KARACHI: State Bank of Pakistan (SBP) on Monday decided to maintain its policy (interest) rate at 15 percent for next two months.                           Â
SBP’s Monetary Policy Committee, in its meeting held here, noted the continued deceleration in economic activity as well as the decline in headline inflation and the current account deficit since its last meeting, SBP monetary policy statement said.
It also noted that the recent floods have altered the macroeconomic outlook and a fuller assessment of their impact is underway. Based on currently available information, the MPC was of the view that the existing monetary policy stance strikes an appropriate balance between managing inflation and maintaining growth in the wake of the floods.
On the one hand, inflation could be higher and more persistent due to the supply shock to food prices. It is important to ensure that this additional impetus does not spillover into broader prices in the economy. However, growth prospects have weakened, which should reduce demand-side pressures and suppress underlying inflation.
In light of these offsetting considerations, the MPC considered it prudent to leave monetary policy settings unchanged at this stage.

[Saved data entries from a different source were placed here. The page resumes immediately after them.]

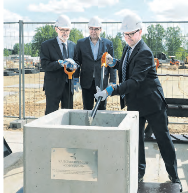
Закладка «капсулы времени»

Посол Финляндии отметил плодотворное сотрудничество финской и российской сторон на примере строительства данного объекта. Сегодня в России работают сотни финских компаний, традиционная деятельность которых – строительство промышленных объектов. Одна из них – Нака Москва, присутствующая на нашем рынке уже почти 35 лет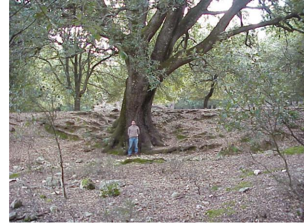
GRANDES Y VIEJAS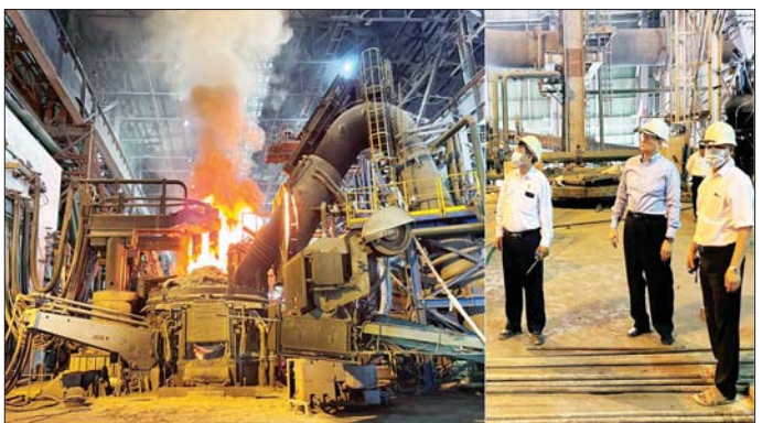
ပစ္စည်းများနှင့် စက်အရန်ပစ္စည်းများကို ကြိုတင်ဝယ်ယူပြည့်တင်းထားရန် လုပ်ငန်းဆောင်ရွက်ရန် ကင်းရှင်းရေးအတွက် ဝန်ထမ်း တစ်ဦးချင်းစီအနေဖြင့် သတ်မှတ်စည်းကမ်းများ၊ လမ်းညွှန်ချက်များနှင့်အညီ စနစ်တကျလိုက်နာမှာကြားပြီး ဝန်ထမ်းများ၏ တင်ပြချက်များကို ဖြည့်ဆည်းဆောင်ရွက်ပေးခဲ့ကြောင်း သတင်းရရှိသည်။ သတင်းစဉ်

နိုင်ရေးအတွက် ဆက်လက် ဆောင်ရွက်မည့် စီမံကိန်းလုပ်ငန်းများကို လှည့်လည်ကြည့်ရှု စစ်ဆေးသည်။ ထို့နောက် ဒုတိယဝန်ကြီးသည် စက်ရုံအစည်းအဝေးခန်းမ၌ စက်ရုံမှူး၊ တာဝန်ရှိသူများနှင့် တွေ့ဆုံ၍ အမှတ်(၁)သံမဏိစက်ရုံ (မြင်းခြံ)သည် နိုင်ငံပိုင်သံမဏိစက်ရုံဖြစ်၍ ထုတ်လုပ်သည့် သံမဏိချောင်းများ၏ အရည်အသွေးအား သတ်မှတ်စံချိန်စံညွှန်းများနှင့် ညီညွတ်မှုရှိစေ ရေးအတွက် ထုတ်လုပ်မှုနည်းစဉ် တစ်လျှောက်ရှိ စနစ်တကျ စစ်ဆေးဆောင်ရွက်ရန်နှင့် စက်ရုံမှ ထုတ်လုပ်သော လေးထောင့်ပုံ သံမဏိချောင်းများမှ တစ်ဆင့် ဆောက်လုပ်ရေး လုပ်ငန်းသုံး သံမဏိချောင်း အမျိုးမျိုး ဆက်လက် ထုတ်လုပ်သွားမည် ဖြစ်၍ အရည်အသွေးကောင်းမွန်စေရေး အလေးထားဆောင်ရွက်ရန်၊ ကုန်ထုတ်လုပ်မှုလုပ်ငန်းများ စဉ်ဆက်မပြတ် ဆောင်ရွက်နိုင်ရေးအတွက် လိုအပ်သောကုန်ကြမ်း

Since the last meeting, the MPC noted several key developments:Â First, the desired moderation in economic activity has become more visible and entrenched, signaling that the tightening measures implemented over the last year are gaining traction. With growth likely to slow further in the aftermath of the floods, this tightening will need to be carefully calibrated going forward.
Second, after peaking in August as expected, headline inflation fell last month due to an administrative cut in electricity prices. However, core inflation continued to drift upwards in both rural and urban areas.
Third, the current account and trade deficits narrowed significantly in August and September, respectively, and the Rupee has recouped some of its losses following the recent depreciation.
Fourth, the combined 7th and 8th review under the on-going IMF program was successfully completed on August 29th, releasing a tranche of $1.2 billion.
The MPC discussed the post-flood macroeconomic outlook, noting that projections are still preliminary and would become firmer after the flood damage assessment being conducted by the government is finalized.
Based on currently available information, GDP growth could fall to around 2 percent in fiscal year 2022-23 , compared to the previous forecast of 3-4 percent before the floods.
Meanwhile, higher food prices could raise average headline inflation over the same period; somewhat above the pre-flood projection of 18-20 percent.
The impact on the current account deficit is likely to be muted, with pressures from higher food and cotton imports and lower textile exports largely offset by slower domestic demand and lower global commodity prices.
As a result, any deterioration in the current account deficit is expected to be contained, still leaving it in the vicinity of the previously forecast 3 percent of GDP.